One Big ‘Happy’ Family

Okay, so apparently Fox News doesn’t have a total monopoly on idiotic anchors. Global warming causing close approach by an asteroid? She’s lucky Billy Nye was in another studio or he might have used his eye-lasers right then and there.

Seismographs detected another North Korean nuclear test at 11:57 (02:57 GMT) on Tuesday morning. This didn’t make anyone very happy outside of North Korea, perhaps least of all China which is growing tired of their poorer cousins making totalitarian Asian regimes look bad.

An apparent hack of the Emergency Broadcast System had one Montana TV station broadcasting an alert about dead bodies rising from their graves and attacking the living. All we ever get around here are tornado warnings.

Pope Benedict XVI pulls a Palin and announces his resignation. What, he got a better offer?
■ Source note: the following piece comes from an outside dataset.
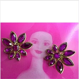 Vintage disco era hot pink stars-like zirconia clipped earrings
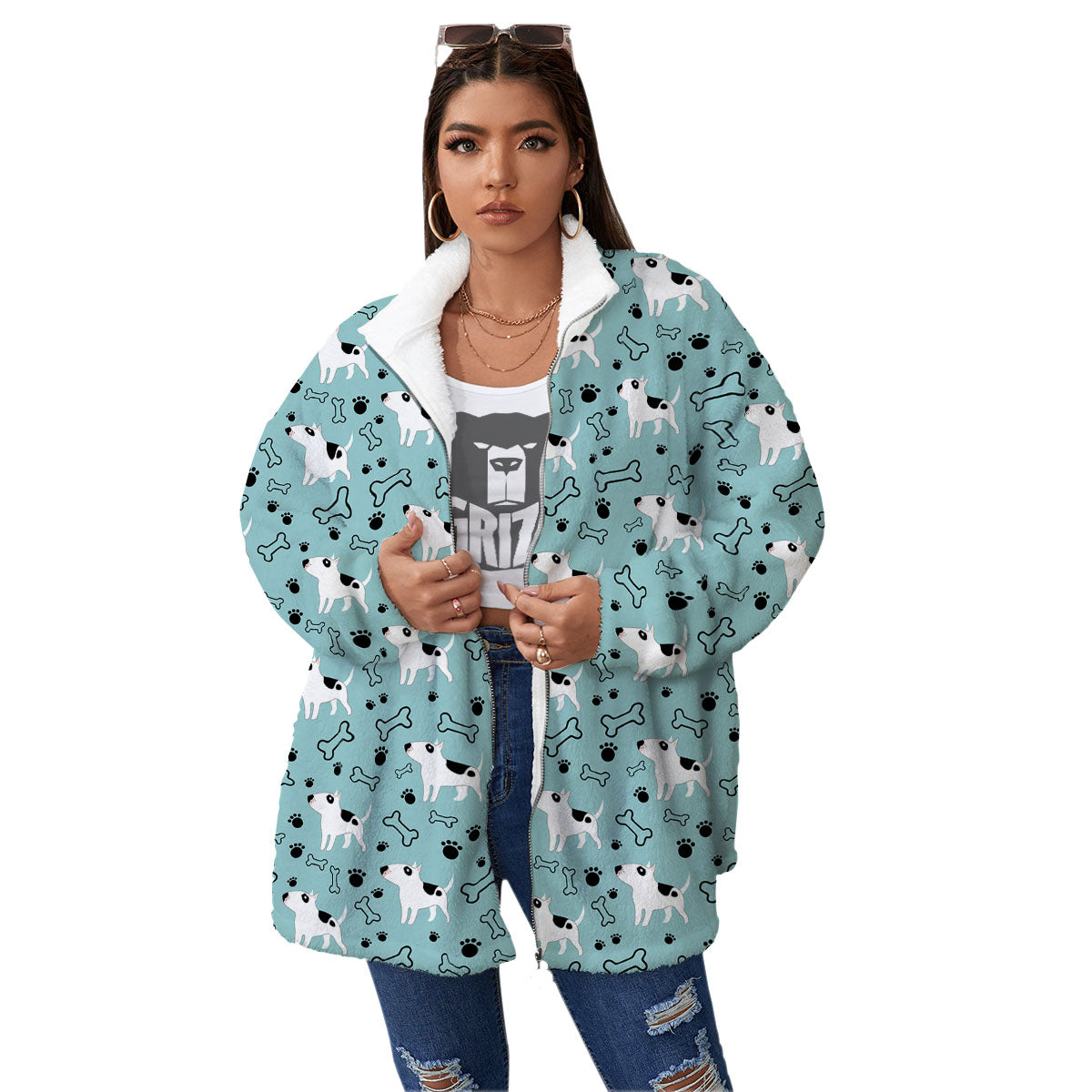 Bull Terrier Laurel Green Print Pattern Women's Sherpa Jacket

Maybe he just got tired of theTPS reports and the “flair” requirement?

And in further cognitive dissonance news, retired Senator Ron Paul is suing his former supporters and petitioning the U.N.’s WIPO to give him control of  the and domains. I wonder if the shock troops will storm the hosting company in black helicopters?

Just when you thought they couldn’t fit any more stupid in Washington DC,  Rep. Steve Stockman (R-TX) invites Ted Nugent to watch the State of the Union address because manly gun-love. Let’s hope they steam clean the upholstery afterwards.

Three people are dead in a courthouse shooting in Delaware. Maybe we should have metal detectors and armed policemen in… oh, they had those there? Gee, I’m all out of ideas as to what to do about this  (/snark).

Big Win for the lexicon of science-fiction as the EFF helps an author fight off a bogus copyright take-down based on use of the term “space marine”.

My home-town boy Gary Busey shares his unique understanding of hobbits. Maybe tougher helmet laws would have prevented this? Back in the day we just called him “Teddy Jack Eddy“. Law-zeee!

black snub-nosed monkey midwife helps first time mother with a difficult birthing. A male cottontop tamarin has been observed pulling at his infant’s shoulders until they emerged. Another report claims that a female capped langur was groomed by other females during birth, perhaps in an attempt to ease her distress. I wonder when they’ll start offering Lamaze classes.

This experimental pneumatically actuated silicone rubber tentacle is not amused by references to “those hard to reach places”. Not even a little bit. So knock it off, already.